**SUPPLIED DATA:**
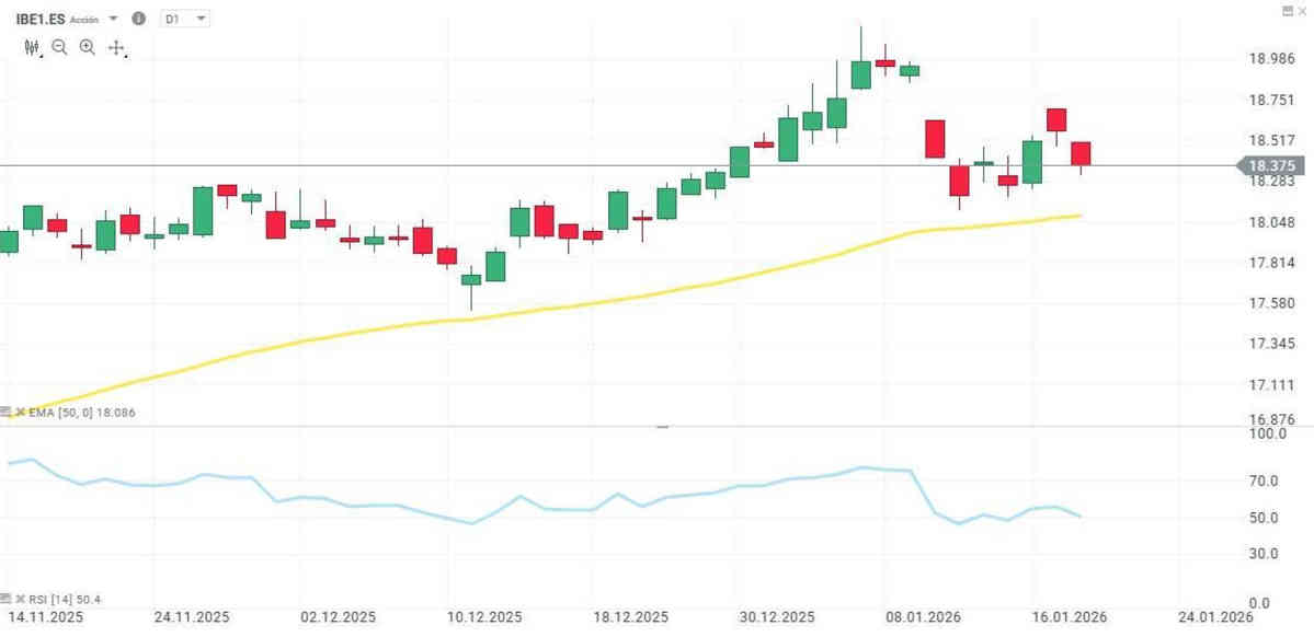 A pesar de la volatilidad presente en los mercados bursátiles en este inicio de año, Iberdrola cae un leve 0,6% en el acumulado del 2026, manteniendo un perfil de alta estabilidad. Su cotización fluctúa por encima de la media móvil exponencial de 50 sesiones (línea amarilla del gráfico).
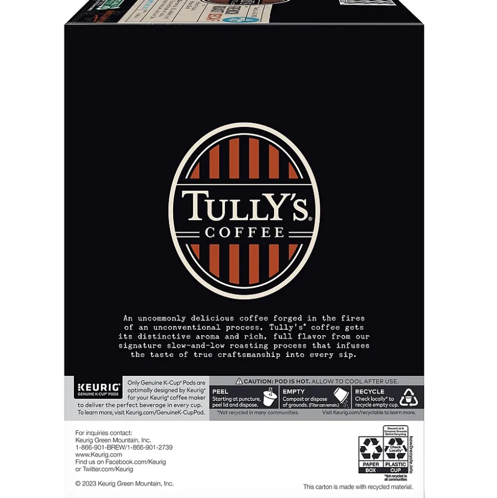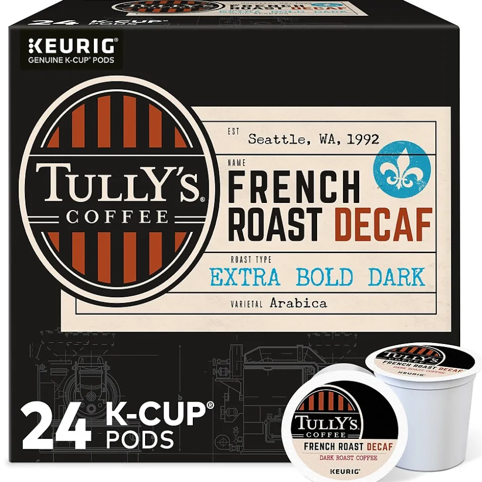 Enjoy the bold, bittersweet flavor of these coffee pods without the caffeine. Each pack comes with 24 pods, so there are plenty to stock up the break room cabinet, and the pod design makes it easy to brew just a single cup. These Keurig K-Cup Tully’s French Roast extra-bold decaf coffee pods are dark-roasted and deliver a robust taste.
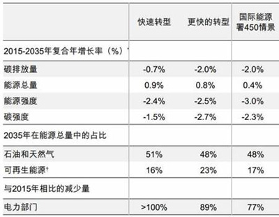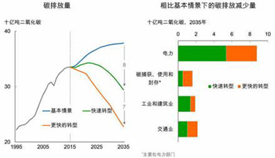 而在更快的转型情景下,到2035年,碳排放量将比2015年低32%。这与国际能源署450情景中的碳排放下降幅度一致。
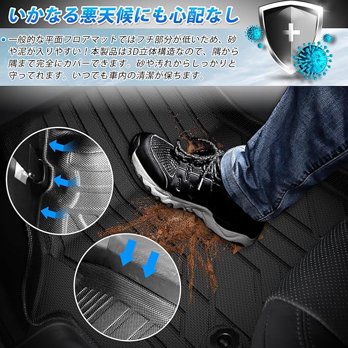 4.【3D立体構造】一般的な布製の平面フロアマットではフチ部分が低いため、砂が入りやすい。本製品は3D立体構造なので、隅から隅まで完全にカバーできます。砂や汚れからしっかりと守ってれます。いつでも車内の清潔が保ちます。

**TASK STATEMENT:** Once the pictures are removed, repeat all of the data above exactly.

**THE COMPLETED TASK:**
 A pesar de la volatilidad presente en los mercados bursátiles en este inicio de año, Iberdrola cae un leve 0,6% en el acumulado del 2026, manteniendo un perfil de alta estabilidad. Su cotización fluctúa por encima de la media móvil exponencial de 50 sesiones (línea amarilla del gráfico).
 Enjoy the bold, bittersweet flavor of these coffee pods without the caffeine. Each pack comes with 24 pods, so there are plenty to stock up the break room cabinet, and the pod design makes it easy to brew just a single cup. These Keurig K-Cup Tully’s French Roast extra-bold decaf coffee pods are dark-roasted and deliver a robust taste.
 而在更快的转型情景下,到2035年,碳排放量将比2015年低32%。这与国际能源署450情景中的碳排放下降幅度一致。
 4.【3D立体構造】一般的な布製の平面フロアマットではフチ部分が低いため、砂が入りやすい。本製品は3D立体構造なので、隅から隅まで完全にカバーできます。砂や汚れからしっかりと守ってれます。いつでも車内の清潔が保ちます。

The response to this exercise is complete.